Так. Значит, она из племени ацтеков. Они пришли сюда давно – столетия назад!
– Нехт Самеркенд пришел в Теночтитлан много сотен лет назад. Он очень долго правил там, затем собрал множество преданных ему молодых людей, привел их сюда, на север, и основал этот город.
– И это не очень обрадовало тех, кто остался в Теночтитлане!
– Да, ведь там не осталось храбрых воинов. Но в Теночтитлане другой король, Эрнано д'гусм. А Нехт Самеркенд правит здесь, и он – сильный правитель.
– Называйте меня Эрнандо... – протянул он, внезапно вспомнив, где он мог слышать это странное, чуждое испанскому уху имя.
Нехт Самеркенд! Крик из окровавленных уст жреца племени ацтеков, падающего в темноту во время битвы в Ночь Ужасов. Окончательно отчаявшись, он призывал на помощь не Бога, а демона или дьявола. А еще де Гузман смутно вспомнил, как однажды далеко на севере... вот где! Он понял, откуда взялись истории о Сиболо. А он-то думал, что это лишь легенда! Но... имя не характерно для ацтеков.
– Принцесса Несагуалча, а кто такой Нехт Самеркенд? – нарочито почтительно обратился он к девушке, чтобы завоевать ее расположение.
Она сделала неясный жест в направлении к востоку.
– Он пришел из-за голубого океана, давным-давно. Это могущественный маг, более могущественный, чем жрец из племени толтеков. Он пришел один, а вскоре стал правителем Мехико! Но ему хотелось иметь собственный город, и он пришел на север... Слушай же меня, железный человек!
Она продолжила очень взволнованно:
– Нехт Самеркенд не имеет ничего общего с твоей расой! Но даже его чары бессильны против грома ваших боевых дубинок. Помоги мне убить его – правившего поколениями! Я та же, кем и... была, и здесь есть воины, готовые последовать за мной. Я смогу собрать некоторых из них в храме, а ночью открою тебе ворота и проведу тебя к ним. Надсмотрщик, который стережет рабов, молод и влюблен в меня. Он выполнит любую мою просьбу. Вместе мы с тобой...

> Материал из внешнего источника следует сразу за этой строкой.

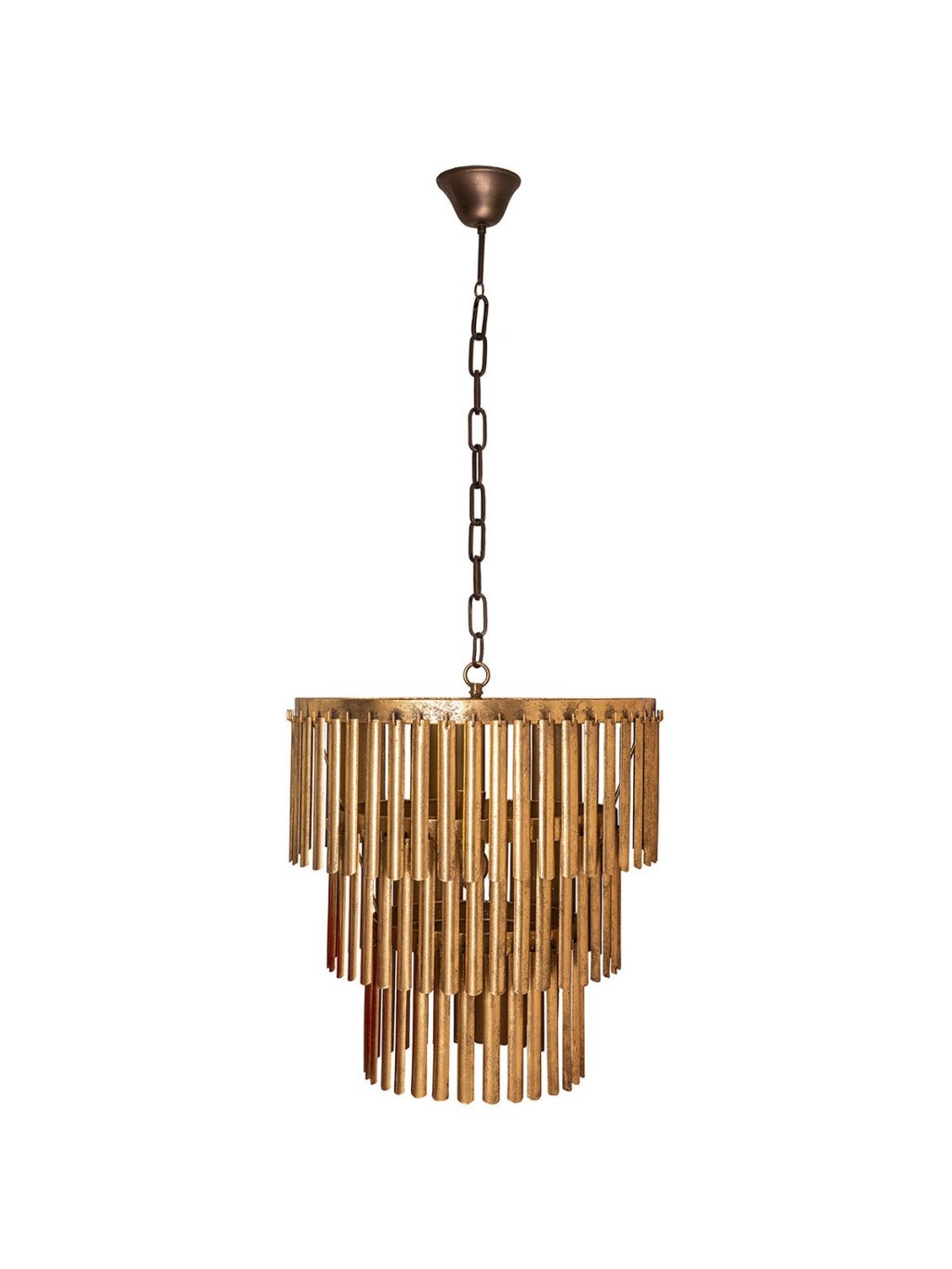 ✨ Vintage zlatý luster, ktorý okamžite pritiahne pozornosť a dodá miestnosti nádych noblesy. Jeho kovové zlaté lamely (odnímateľné) usporiadané do viacerých vrstiev vytvárajú jemnú hru svetla a tieňov, vďaka čomu pôsobí atmosféra útulne a elegantne.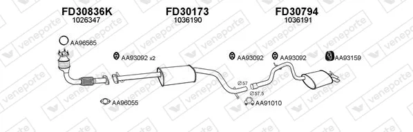 FORD MONDEO II (BAP) 1.8 TD - Výfukový systém - kompletní od 8/1996 do 9/2000, 1753 ccm, 66 kW, 90 hp, RFN, Šikmá zadní část
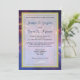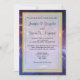 Do convite de casamento cósmico mundial. Fotografia colorida e luminosa de uma galáxia. Uma combinação de cores brilhantes e formações de plasma etéreo faz desta bela foto espacial um prazer de se ver. Uma mistura de violetas vívidas azuis laranja e vermelho tudo girando e misturando com alguns sotaques brilhantes espalhados ao redor cria uma maravilhosa imagem de abstrato. Insira os detalhes do seu casamento em uma camada branca semitransparente com uma borda dupla dourada.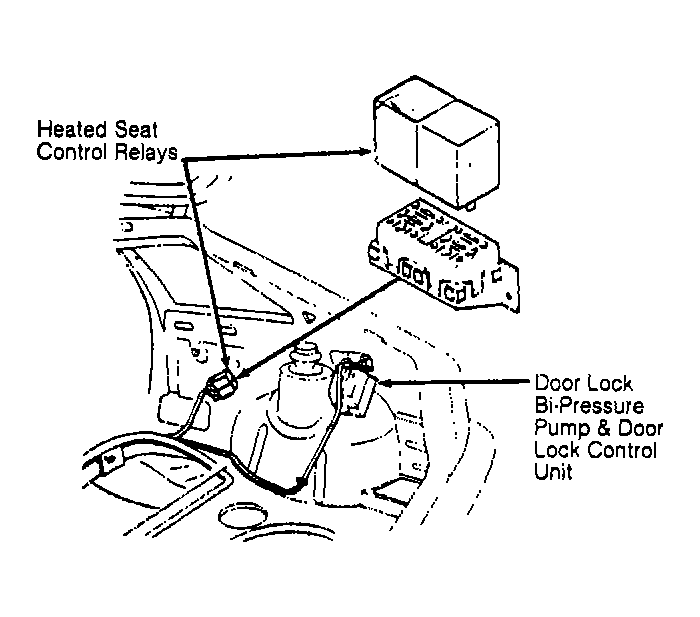 | Door Lock Control Unit | Mounted on door lock bi-pressure pump, behind trim panel on right rear corner of luggage compartment. See Figure . |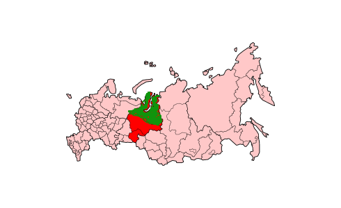 緑の部分がロシア連邦中部チュメニ州の属するハンティ・マンシ自治管区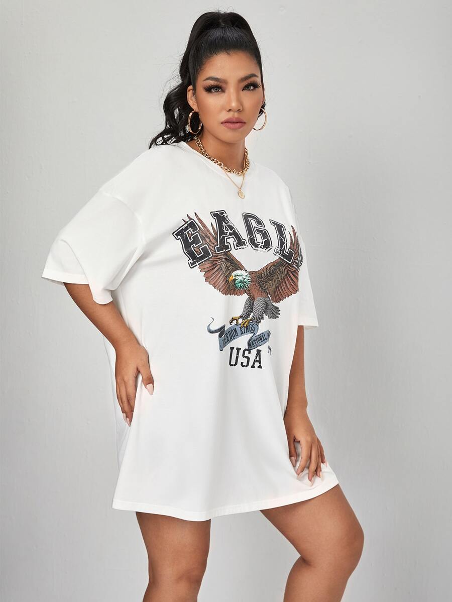 Plus Drop Shoulder Letter & Eagle Print Tee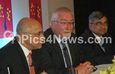 Photo Caption : Dr Albert Hieronimus, Chairman, MinTree Limited with Subroto Bagchi, Vice Chairman, MindTree Ltd and Krishnakumar Natarajan, CEO and MD MindTree Ltd addressing a press conference of MindTree financial results of Mindtree at a Press Confernce at The Park Hotel, in Bangalore on Wednesday 29th February 2012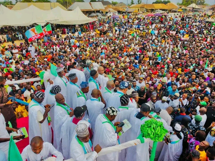 The event, captured in viral photos circulating on social media, showcased an overwhelming crowd stretching across multiple venues, with attendees donning party colors, waving flags, and chanting in unison. The sheer scale of the gathering—estimated to be one of the largest political defections in the state’s recent history—underscored a growing wave of support for the APC’s vision in the area.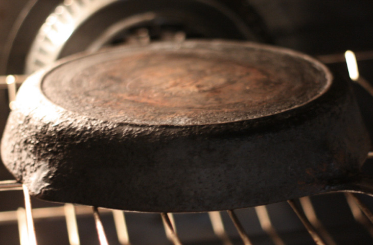 Если на чугунной посуде начали появляться пятна, ржавчина, к стенкам пригорает еда, посуду следует повторно прокалить. Перед тем как нагреть сковороду, необходимо очистить ее от ржавчины, вымыть в горячей мыльной воде и высушить. Сначала сковороду прокаливают без масла при 100 °C в течение 20-30 минут. Затем посуду остужают, смазывают растительным маслом и снова отправляют в духовку, разогретую уже до 180 °C, и оставляют на 1 час. Прокаленную сковороду вытирают насухо и смазывают тонким слоем масла.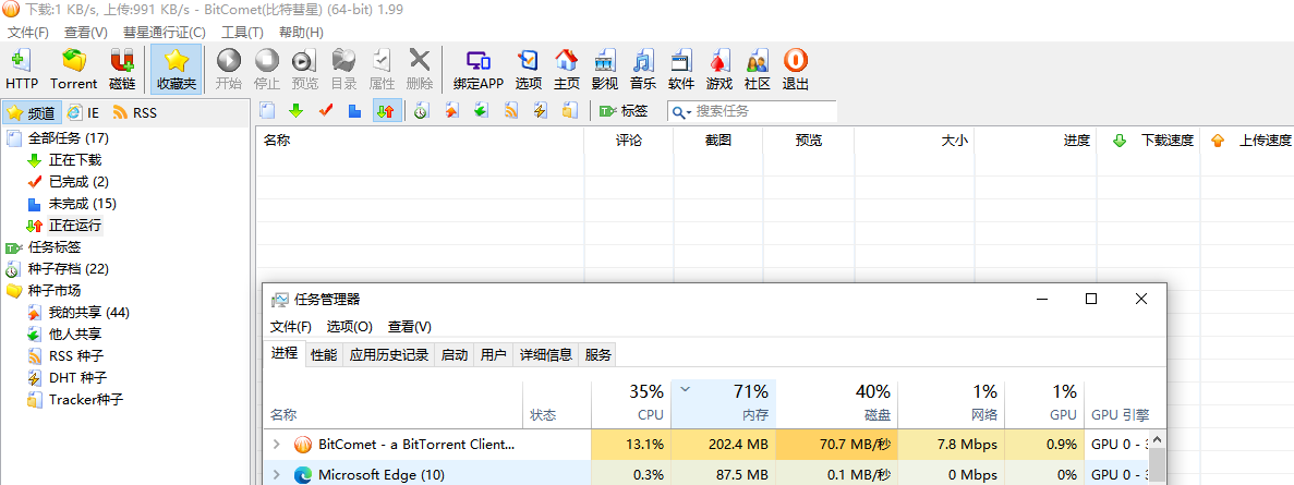 是的,磁盘占用最多的就是bt,现在把磁盘缓存调高了一些,磁盘读写没那么高了,内存顶不住,老电脑8G的内存,BT最高的时候能占到5个G,把BT退了之后一会电脑就流畅了
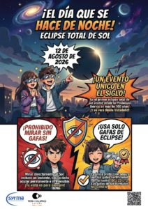Recuerda: ¡PROHIBIDO MIRAR SIN GAFAS DE ECLIPSE! Mirar directamente al Sol, incluso por un instante, causa daño ocular permanente e irreversible. La única protección segura para la observación son las gafas de eclipse certificadas que cumplen estrictamente con la norma ISO 12312-2. NO SIRVEN gafas de sol, radiografías, CDs, cristales de soldador ni otros métodos caseros.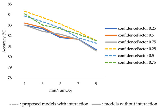Based on the result of five-fold cross-validation of the models without interaction, the hyperparameters that yielded the highest accuracy were confidenceFactor = 0.5 and minNumObj = 1, which provided an accuracy of 83.02%. Regarding the proposed models with interaction, the values were confidenceFactor = 0.25 and minNumObj = 1, which provided an accuracy of 84.08%, as shown in Figure 5.

Он кивнул. Де Гузман всегда узнавал громкий голос удобного случая и знал, когда надо широко открыть ему дверь. Будь у него время – он, может, еще бы подумал...
– Ладно, – согласился он. – Но сначала принесите мне поесть.
Она замигала, слегка напряглась – и кивнула.
– Я оставлю еду в кустах. А теперь мне надо набрать воды и вернуться, пока меня не хватились.
– А Несагуалча любит молодого человека, который любит ее? – спросил он, притягивая девушку поближе.
Дочь королей... и золотые шлемы!
Она ответила ровным голосом, пристально глядя ему в глаза и прижавшись грудью к его доспехам.
– Несагуалча снова станет принцессой... Нет! Королевой Тласкельтека! А рядом с нею будет самый могущественный человек в Тласкельтеке – тот, кто избавит город от Нехта Самеркенда!
Де Гузман сжал запястье девушки.
– Ладно. А теперь принесите мне поесть, будущая королева. И покажите мне ворота.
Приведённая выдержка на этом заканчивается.